Nel tramonto definitivo di ogni criterio oggettivo di valutazione, i soli
criteri di controllo delle nostre interpretazioni sociali diventano adesso la
coerenza argomentativa e la corroborazione concettuale, la solidità logica, la
capacità di resistere alle confutazioni ed insieme di spiegare meglio, in
maniera più approfondita di altri paradigmi, dati eventi sociali. Di qui
l’importanza della controversia e del confronto tra teorie o sistemi di
pensiero alternativi.
La duplice e
solidale concezione in questione, i cui presupposti teorici, come si è visto,
danno luogo a una singolare sinergia concettuale tendente ad un unico fine o
unilateralmente finalizzata al conseguimento di un solo scopo, oltre a vietarsi
da sola la comprensione della sofisticata spiegazione data da Marx
dell’effettiva natura intima delle forme d’espressione del capitale, finisce anche
con l’affiancare il pensiero dominante quando essa dà una spiegazione della
realtà seguendo la logica del post
festum, sia legittimandolo sia rendendosi in tal modo completamente subalterna
alla sua interpretazione del mondo. L’egemonia culturale dei dominanti è così
corroborata – avvalorata e consolidata – dalla stessa teoria che avrebbe voluto
contrastarla. Si può immaginare miglior paradosso? Se in genere, come dice
Gould, “traditional views die hard”[531],
quella in discussione sembra essersi assicurata un’eterna giovinezza.
Oltretutto, si deve
anche tener conto del fatto che quel modello di rappresentazione del legame tra
pensiero e realtà empirica, in società, rispecchiava fedelmente il rapporto che
la scienza sembrava intrattenere con la natura. Nell’analisi del sistema
sociale, in altri termini, si adottava lo stesso approccio che si riteneva
tipico della conoscenza scientifica. Senza tener conto alcuno della distinzione
che necessariamente deve passare tra osservare un oggetto fisico o biochimico e
studiare un contesto sociale a cui, per
genere, la mente dell’osservatore è identica (distinzione che però Condorcet
faceva!)[532],
il marxismo storico nemmeno si è accorto del fatto che il pensiero scientifico
dal quale esso mutuava la sua interpretazione, sin dall’inizio dell’Ottocento
stava abbandonando quella concezione tradizionale della relazione mente-mondo.

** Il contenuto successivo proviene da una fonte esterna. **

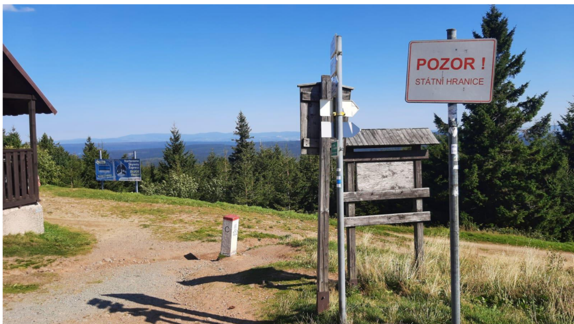
Obrázek 2 - Fotografie hraničního značení s využitím umělých hraničních znaků. Situace značení státní hranice České republiky a Polska v prostoru Masarykovy chaty nedaleko kóty Šerlich v Orlických horách, (Září 2021).

Oprávnění neboli kompetence Zeměměřického úřadu 25 nalezneme v ustanovení §3a písm. g) zákona č. 359/1992 Sb., o zeměměřických a katastrálních orgánech, provádí zeměměřické činnosti na státních hranicích v dohodě se správcem dokumentárního díla státních hranic. Obsahem zákonného zmocnění k provádění zeměměřických činností na státních hranicích je současně v zákoně o státních hranicích v ustanovení §8 písm. a), jak bylo uvedeno výše u kompetencí Ministerstva vnitra.

Da questo punto di vista, detto marxismo, comprese le sue varianti attuali, sia
non ha mai demarcato la sua interpretazione del processo di conoscenza da
quella della razionalità scientifica, obliterando così la specificità della
società capitalistica rispetto alla natura, sia non ha mai avuto chiara nozione
di quali correnti epistemologiche effettive fossero all’opera entro la logica
della scienza proprio nel periodo in cui il modo di produzione capitalistico
affermava la sua definitiva supremazia. Il marxismo storico e contemporaneo, in
altre parole, non ha mai capito né l’effettiva complessità interna dei
paradigmi scientifici, poco o niente corrispondente all’immagine standard che
se ne dava: conoscenza oggettiva delle eterne leggi della materia, sia del pari
non ha mai avuto cognizione delle prepotenti tendenze convenzionaliste insite
nello sviluppo teorico della scienza tra Ottocento e Novecento in particolare,
cosa che ne ha condizionato e limitato gravemente e irrimediabilmente l’intero
apparato concettuale. Non è certo un caso che categorie cruciali di Marx come
produzione di merci, merci, feticismo, scambio, circolazione, valore,
plusvalore, prezzo e denaro, modi e forme d’espressione, sussunzione formale e
reale, sistemi di macchine, tecnologia, potere oggettivo del capitale, rapporti
di produzione impersonali, i soggetti in quanto personificazioni del capitale e
sue incarnazioni dotate di volontà e coscienza, per non parlare poi
dell’ideologia e della contraddizione dialettica, vengano ancor oggi riempite
di significati banali e ripetitivi dal marxismo corrente, che le ha ormai
ridotte a innocue icone buone per tutte le chiese[533].
Se si confrontano
le concezioni marxiste, del passato e odierne, con gli sviluppi più recenti del
pensiero scientifico, allora bisogna dire che l’intera cultura di queste
interpretazioni non è assolutamente in grado di reggere il confronto con i
sofisticati apparati concettuali della scienza moderna. Anzi, diciamo pure che
tutto il marxismo posteriore a Marx, senza niente voler togliere ai suoi
migliori e più intelligenti esponenti, viene confinato da questi sistemi d’idee
nel passato sociale più remoto e reso teoricamente insignificante a fronte dei
paradigmi scientifici, una specie di “left handed Sam” posto sotto la tutela
del fratello maggiore, probabilmente in senso generale, sicuramente per quanto
riguarda il processo di conoscenza.
Il fatto è che, proprio
in piena epoca in cui Marx scrive Das
Kapital, il pensiero scientifico si era avviato su una strada diversa da quella
classica, esemplarmente rappresentata dal determinismo di Laplace. Durante
questo periodo, come si è visto, era divenuto chiaro a molti scienziati che la
conoscenza del mondo fisico e biologico non poteva più essere pensata nei
termini tradizionali del paradigma induttivo che si credeva avesse avuto inizio
con Newton, e che invece come oggi sappiamo era solo un mito (persino Bacon non
è quel campione dell’induttivismo che si è pensato fosse)[534].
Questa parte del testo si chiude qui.